● WHAT NEEDS TO BE DONE
Go to the line in the entries below that holds "Ich habe ihn" and repeat exactly from there through the line that holds "όλο τον κόσμο.", inclusive.

● DATASET CONTENT
--------

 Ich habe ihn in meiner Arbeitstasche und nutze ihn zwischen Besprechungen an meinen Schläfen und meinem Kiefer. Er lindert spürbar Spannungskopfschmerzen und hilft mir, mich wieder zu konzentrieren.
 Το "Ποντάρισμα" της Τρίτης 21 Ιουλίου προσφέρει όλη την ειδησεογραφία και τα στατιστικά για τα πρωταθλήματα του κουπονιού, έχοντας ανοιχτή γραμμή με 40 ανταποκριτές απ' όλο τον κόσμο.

--------

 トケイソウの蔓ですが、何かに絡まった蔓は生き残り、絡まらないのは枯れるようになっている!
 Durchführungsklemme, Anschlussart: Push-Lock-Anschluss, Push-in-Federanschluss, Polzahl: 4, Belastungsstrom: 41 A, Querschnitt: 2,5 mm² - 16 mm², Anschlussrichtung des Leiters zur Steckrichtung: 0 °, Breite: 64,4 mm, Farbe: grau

--------

● EXERCISE SOLUTION
 Ich habe ihn in meiner Arbeitstasche und nutze ihn zwischen Besprechungen an meinen Schläfen und meinem Kiefer. Er lindert spürbar Spannungskopfschmerzen und hilft mir, mich wieder zu konzentrieren.
 Το "Ποντάρισμα" της Τρίτης 21 Ιουλίου προσφέρει όλη την ειδησεογραφία και τα στατιστικά για τα πρωταθλήματα του κουπονιού, έχοντας ανοιχτή γραμμή με 40 ανταποκριτές απ' όλο τον κόσμο.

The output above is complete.